他自认为做足了相见的准备,无论是蛇岐八家精锐的重重包围,还是自从得知对方还活着以后的心理建设,哪怕今日所见的是设下陷阱对自己拔刀相向的猛鬼众的龙王风间琉璃。
可他唯独没有想到,他见到的人是源稚女,那个被自己亲手杀死并埋在井中的弟弟。只是一个照面,他的胸口便发堵,喉间哽得厉害。
源稚生的沉默和异常表现全都看在了顾谶他们的眼里,此刻除了路明非和源稚女还缩在天台边不动,其余人都参与进了清理死侍的行动中,就连芬格尔都大叫着撞向了一头相较其他死侍要瘦一圈的女性死侍。
源稚女也愣在了那里,他的眼神忽而迷茫忽而怨毒,表情也随之变幻,一下是欣喜一下满是仇恨,他的眼角不自觉地淌下泪来,扶着墙壁的指节因用力而泛白。
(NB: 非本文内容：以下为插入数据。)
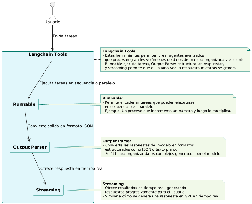 La combinación de estas herramientas permite construir agentes que no solo ejecuten tareas de manera eficiente, sino que también entreguen respuestas precisas y en tiempo real. Un agente que utiliza Runnable puede manejar múltiples tareas de manera simultánea o secuencial, y con OutputParser puedes asegurarte de que las respuestas del modelo tengan el formato adecuado. Streaming, por su parte, mejora la experiencia del usuario al ofrecer resultados inmediatos.

然后在路明非懵然的表情中,坚硬的砖墙被抓破了,被那比女孩还柔弱纤细的手。
在怪异的杀戮声和嘶鸣声里,‘咔嗒’的一声轻响却如撞钟般清晰,令人头皮发麻,那是把唱针头放在老式唱片上的声音,但情人旅馆里有这种小资的调调吗?
不过周围都是旧式的老楼,说不定就有人有收藏,可在这种天气和环境里,谁会有这种闲情逸致,而在天台上又怎么可能听见?
一掌将死侍的脖子掰断的顾谶神色微变,似乎想到了什么,顿时朝路明非跟源稚女喊道:“到我这边来!”
就在这时,沉闷的音乐声笼罩了四周,不光是天台,仿佛周围都成了音浪的海洋,好似有成千上万人围绕着他们,敲响了那种令人战栗的木梆子!